Reconcile drift adopt

sequenceDiagram
    participant Reconciler as reconcile worker
    participant Docker
    participant PG as Postgres
    participant Lease as Redis lease

    Note over Reconciler: read pass (lockless)
    Reconciler->>Docker: List({label=com.galaxy.owner=rtmanager})
    Reconciler->>PG: ListByStatus(running)
    Note over Reconciler: write pass (per-game lease)
    loop per Docker container without matching record
        Reconciler->>Lease: SET NX PX rtmanager:game_lease:{game_id}
        Reconciler->>PG: re-read runtime_records WHERE game_id
        alt record now exists
            Reconciler-->>Reconciler: skip (state changed since read pass)
        else record still missing
            Reconciler->>PG: Upsert runtime_records (status=running, image_ref, started_at)
            Reconciler->>PG: INSERT operation_log (op_kind=reconcile_adopt, op_source=auto_reconcile)
        end
        Reconciler->>Lease: DEL rtmanager:game_lease:{game_id}
    end

The reconciler never stops or removes an unrecorded container — operators may have started one manually for diagnostics.

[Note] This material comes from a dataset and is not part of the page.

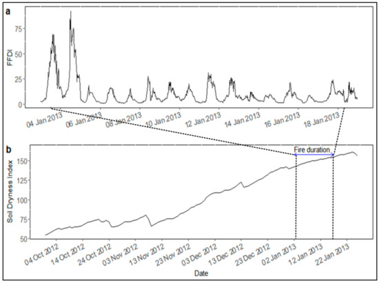 Temporal trends of fire weather and drought: (a) forest fire danger index (FFDI) for the duration of the fire, calculated from 30-min weather data (temperature, relative humidity, wind speed, and soil moisture) from the nearest automatic weather stations (Hobart airport and Stroud Point stations). (b) Soil dryness index (SDI) also obtained from the Australian Bureau of Meteorology, three months before and during the fire. The period of the fire is indicated by dashed lines and the double arrow.

The reconcile_dispose and observed_exited paths follow the same read-pass / write-pass split, with dispose updating the orphaned record to removed and emitting container_disappeared, and observed_exited updating to stopped and emitting container_exited (../README.md §Reconciliation, workers.md §14–§16).

Health probe hysteresis

sequenceDiagram
    participant Worker as healthprobe worker
    participant State as in-memory probe state
    participant Engine as galaxy-game-{id}:8080
    participant Health as runtime:health_events

    loop every RTMANAGER_PROBE_INTERVAL
        Worker->>Worker: ListByStatus(running)
        Worker->>State: prune entries for games no longer running
        loop per game (semaphore cap = 16)
            Worker->>Engine: GET /healthz (RTMANAGER_PROBE_TIMEOUT)
            alt success
                State->>State: consecutiveFailures = 0
                opt failurePublished was true
                    Worker->>Health: XADD probe_recovered {prior_failure_count}
                    State->>State: failurePublished = false
                end
            else failure
                State->>State: consecutiveFailures++
                opt consecutiveFailures == RTMANAGER_PROBE_FAILURES_THRESHOLD AND not failurePublished
                    Worker->>Health: XADD probe_failed {consecutive_failures, last_status, last_error}
                    State->>State: failurePublished = true
                end
            end
        end
    end

Hysteresis prevents a single transient failure from emitting a probe_failed event, and prevents repeated emission while the failure persists. State is non-persistent: a process restart re-establishes the counters from scratch; a game's state is pruned when it transitions out of the running list (workers.md §5–§6).